Polisi Selidiki Asal Sajam yang Digunakan Napi Teroris

Iwan Sutiawan
10-05-2018 02:34

Jenazah korban kerusuhan di Rutan Mako Brimob almarhum Briptu Fandy Setyo Nugroho di rumah duka Kompleks Polri, Jatirangga, Bekasi. (ANTARA/Risky Andrianto/FT02)

Jakarta, Gatra.com - Polisi masih menelusuri asal senjata tajam (sajam) yang digunakan narapidana teroris untuk membunuh 5 anggota Polri di dalam Rumah Tahanan (Rutan) Mako Brimob, Kelapa Dua, Depok, Jawa Barat (Jabar).

"Itu belum diketahui [asal senjata tajam]," kata Kepala Divisi Humas Mabes Polri, Inspektur Jenderal Polisi Setyo Wasisto di Jakarta Rabu malam (9/5).

Penyidik, lanjut Setyo, akan meminta keterangan dari tim negosiator tentang asal sajam yang digunakan narapidana tersebut. Namun pihaknya menduga, napi telah mempersiapkan sajam sebelum terjadi bentrokan dengan anggota kepolisian.

Hasil otopsi dokter forensik Rumah Sakit Polri Kramatjati, Jakarta Timur, menunjukkan kelima anggota kepolisian yang meninggal dunia menderita luka akibat senjata tajam pada sekujur tubuh.

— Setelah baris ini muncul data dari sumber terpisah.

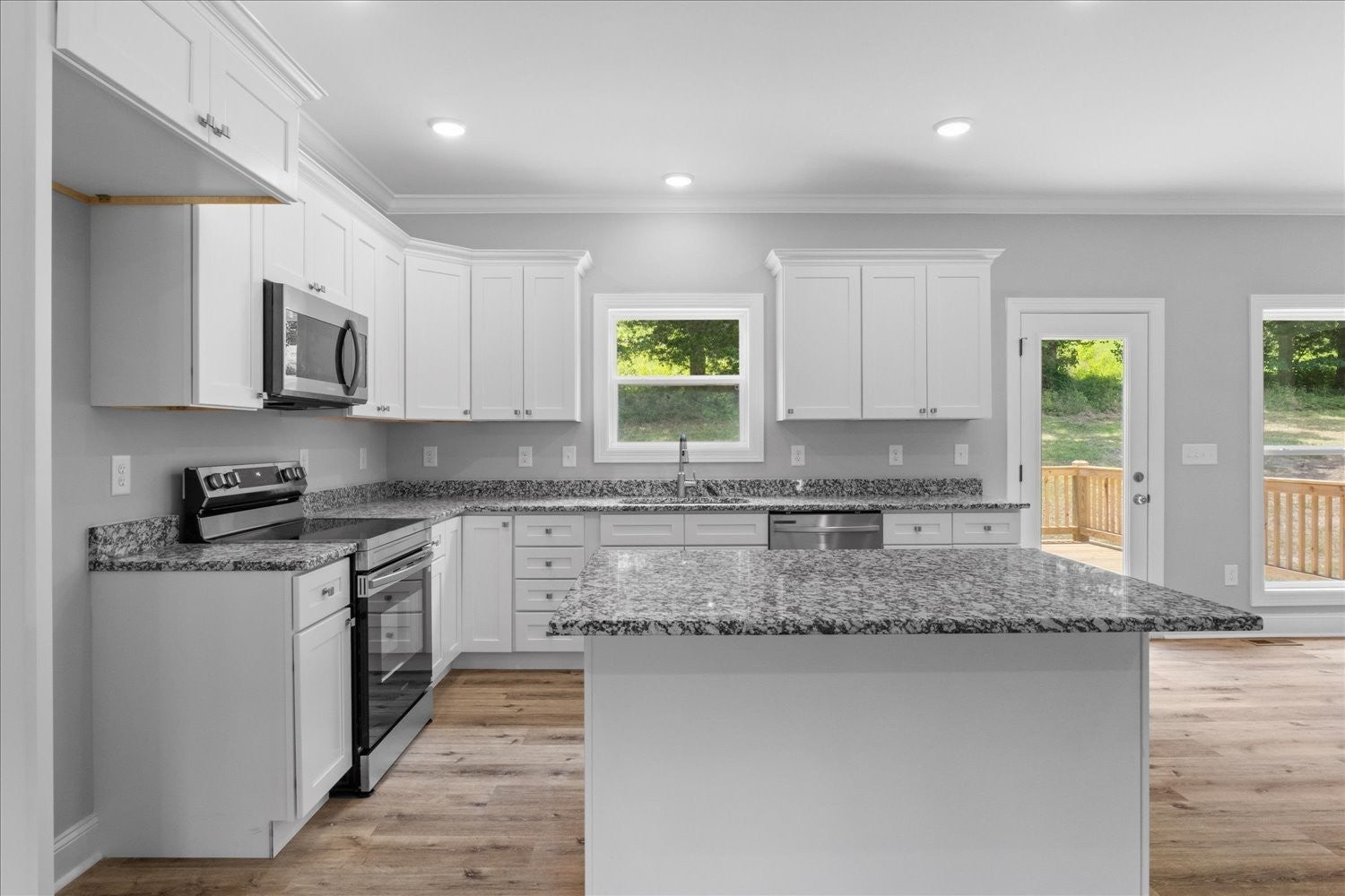 - Electric Range, Dishwasher, Microwave, Stainless Steel Appliance(s)

Kepala Biro Penerangan Masyarakat Divisi Humas Mabes Polri Brigadir Jenderal Polisi M Iqbal menyebutkan beberapa korban terdapat luka tembak namun kebanyakan mengalami luka pada paha, lengan, jari, dan leher akibat senjata tajam.

Sebelumnya, kelima anggota Polri itu gugur dalam tugas negara usai terlibat bentrokan antara petugas dengan narapidana teroris di Rutan Mako Brimob, Kelapa Dua, Depok, Jawa Barat, pada Selasa (8/5) malam.

Kelima anggota yang gugur itu yakni Aipda Denny Setiadi, Iptu Yudi Rospuji Siswanto, Brigadir Polisi Fandy Setyo Nugroho, Brigadir Satu Polisi Syukron Fadhli, dan Brigadir Satu Polisi Wahyu Catur Pamungkas.